Search code examples
bashsedfindzcat

Using zcat and sed in find -exec


I need to create a big text file using the contents of several gzipped files with a specific name pattern. To do that I used:

find . -name '*dna.toplevel.txt.gz' -exec zcat {} >> all.txt \;

and it worked just fine. The problem is, now I need to edit the text on the fly to substitute a specific character ">" with ">filename|". I've managed to cook this up:

find . -name '*dna.toplevel.txt.gz' -exec zcat {} | sed 's/>/>{}|/g' >> all.txt \;

But I am getting the following errors:

  • sed: can't read ;: No such file or directory
  • find: missing argument to `-exec'

I understand poor bash is confused because I did not specify correctly where each command ends, but I have no idea how to do it right.


Solution

  • -exec takes a simple command and its arguments; it does not handle shell constructs like pipes or redirections at all. Your original command is identical to

    find . -name '*dna.toplevel.txt.gz' -exec zcat {} \; >> all.txt
    

    since the shell recognizes the output redirection immediately and removes it from the command line before identifying the command (find) and its arguments.

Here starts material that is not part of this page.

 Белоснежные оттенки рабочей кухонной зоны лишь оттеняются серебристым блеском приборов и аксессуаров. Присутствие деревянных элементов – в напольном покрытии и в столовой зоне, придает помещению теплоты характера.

    Since sed requires the filename from find as part of its command, you'll need to run a shell that takes the pipeline as an argument via the -c option.

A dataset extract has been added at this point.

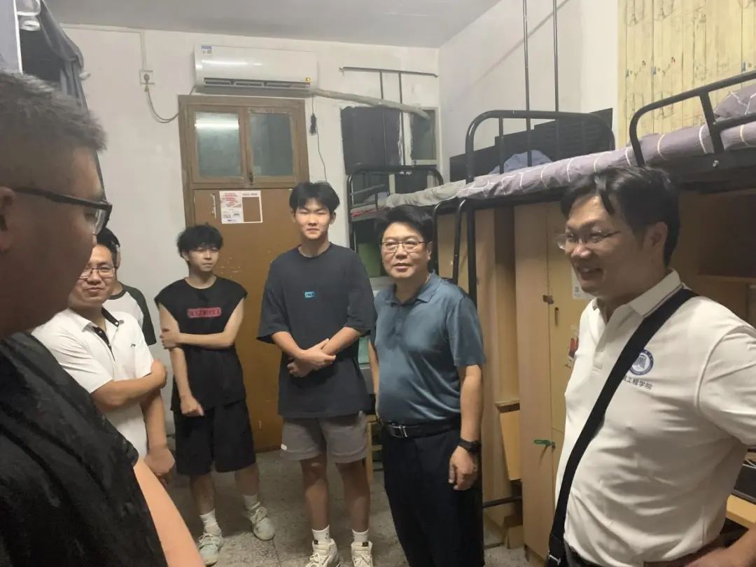 为了解公司新生的住宿生活情况,引导新生尽快适应新生活新环境。9月8日晚,公司领导班子与辅导员、新生班主任一起走访公司24级新生宿舍,看望慰问刚刚入学的新生。

    find . -name '*dna.toplevel.txt.gz' -exec \
      sh -c "zcat {} | sed 's/>/>{}|/g'" \; >> all.txt
    

    There are a few problems with this approach; fixing them requires making the sh command quite a bit more complicated. If you are using bash 4 or later, I'd recommend ditching find altogether and using a shell loop along with the ** glob:

    shopt -s globstar
    for f in ./**/*dna.toplevel.txt.gz; do
        zcat "$f" | sed "s|>|>$f|g"
    done >> all.txt
    

    If this command is creating all.txt, you can simply use > instead of >>. This also assumes that $f won't contain any | characters; if it does, you'll need to choose a different delimiter.